___ EXERCISE DATA

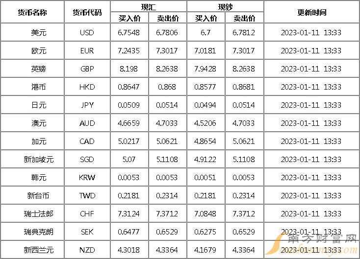 兴业银行外汇牌价表1月11日 兴业银行人民币对美元汇率多少?下面同南方财富网吾悟君来看看。
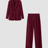 Solid Tailored Blazer & Straight Trousers Co-Ord Set in Dark Grey
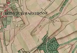 La tombe de Marcinelle sur la carte de Ferraris du XVIIIe siècle
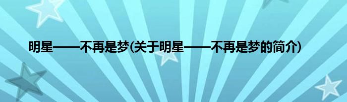 本文关于明星——不再是梦的简介就讲解完毕,希望对大家有所帮助。
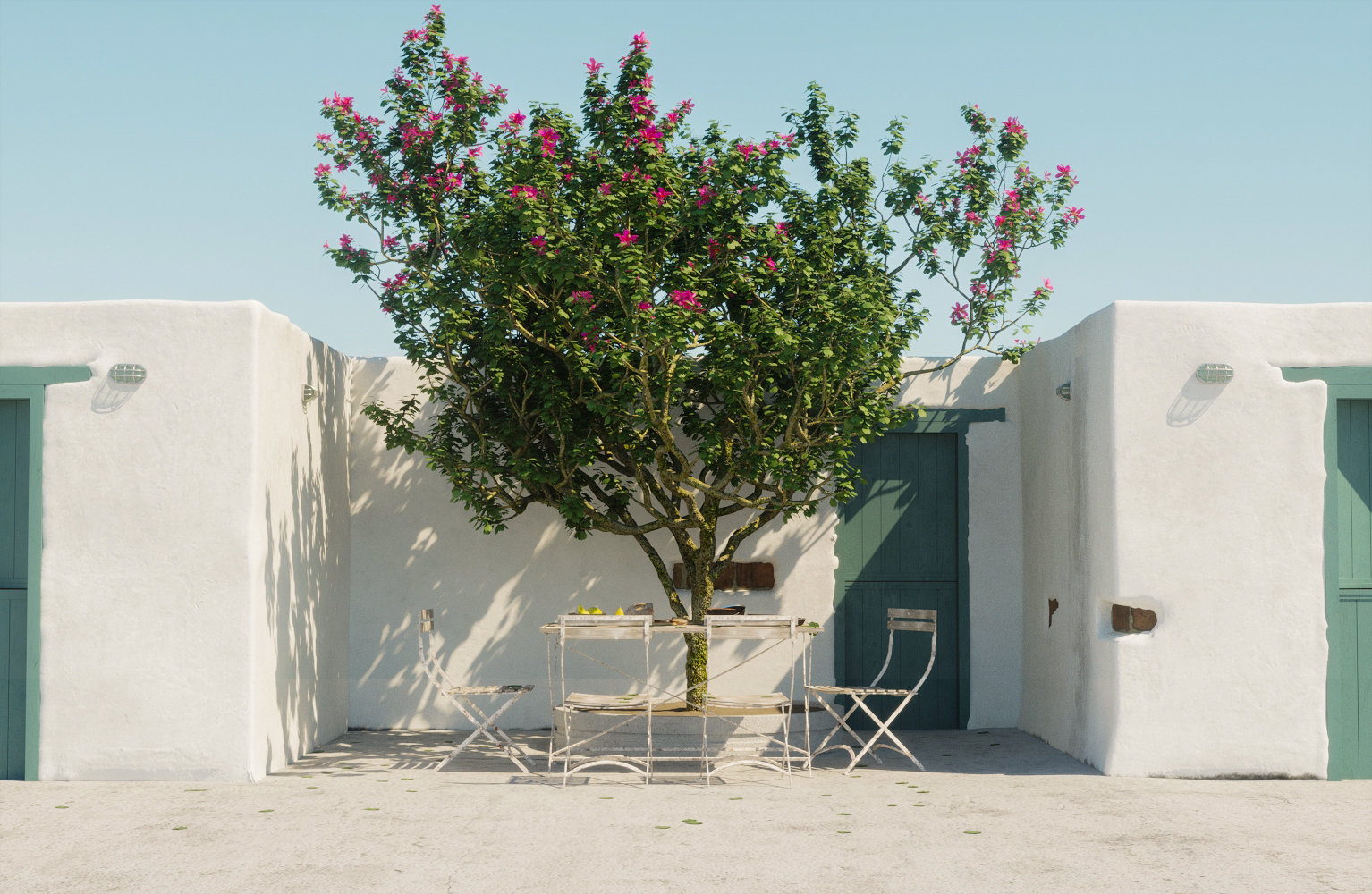 Так же не совсем удачно сымитирован "врез" дерева в постройки, добавить более красивого неба(сделать насыщенней).
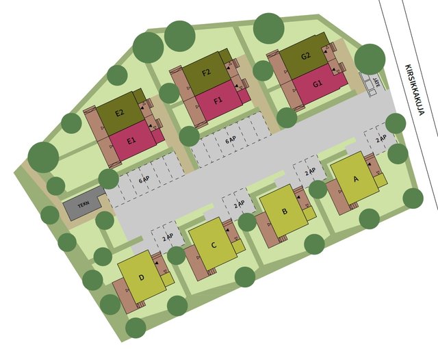 - Kohteeseen rakennetaan asemapiirustuksen mukaisesti yhteensä 20 autopaikkaa, jotka on jaettu huoneistojen hallintaan siten että jokaiselle huoneistolle kuuluu kaksi autopaikkaa. Kaikki autopaikat varustetaan lämmityspistorasialla, ja niihin on mahdollista tilata lisätyönä sähköajoneuvon latausasema asennettuna. Autopaikat kytketään asunnon sähkömittaukseen.
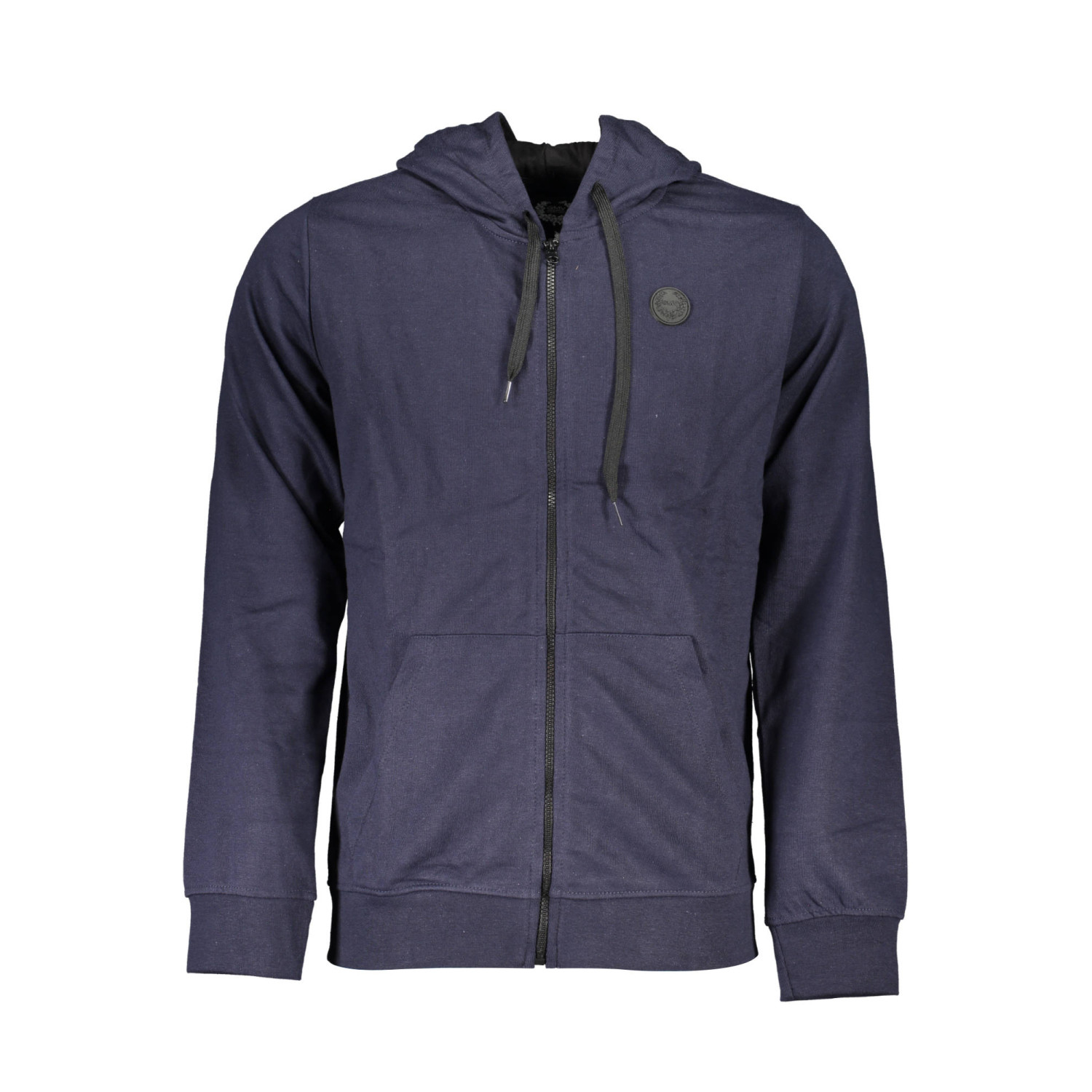 felpa maniche lunghe con cappuccio, garzata, 2 tasche centrali, zip, applicazione, logo

______

- _EXERCISE AIM_
The response must repeat all the lines above exactly and include no pictures.

- _ANSWER BOX_
 兴业银行外汇牌价表1月11日 兴业银行人民币对美元汇率多少?下面同南方财富网吾悟君来看看。
 Solid Tailored Blazer & Straight Trousers Co-Ord Set in Dark Grey
 La tombe de Marcinelle sur la carte de Ferraris du XVIIIe siècle
 本文关于明星——不再是梦的简介就讲解完毕,希望对大家有所帮助。
 Так же не совсем удачно сымитирован "врез" дерева в постройки, добавить более красивого неба(сделать насыщенней).
 - Kohteeseen rakennetaan asemapiirustuksen mukaisesti yhteensä 20 autopaikkaa, jotka on jaettu huoneistojen hallintaan siten että jokaiselle huoneistolle kuuluu kaksi autopaikkaa. Kaikki autopaikat varustetaan lämmityspistorasialla, ja niihin on mahdollista tilata lisätyönä sähköajoneuvon latausasema asennettuna. Autopaikat kytketään asunnon sähkömittaukseen.
 felpa maniche lunghe con cappuccio, garzata, 2 tasche centrali, zip, applicazione, logo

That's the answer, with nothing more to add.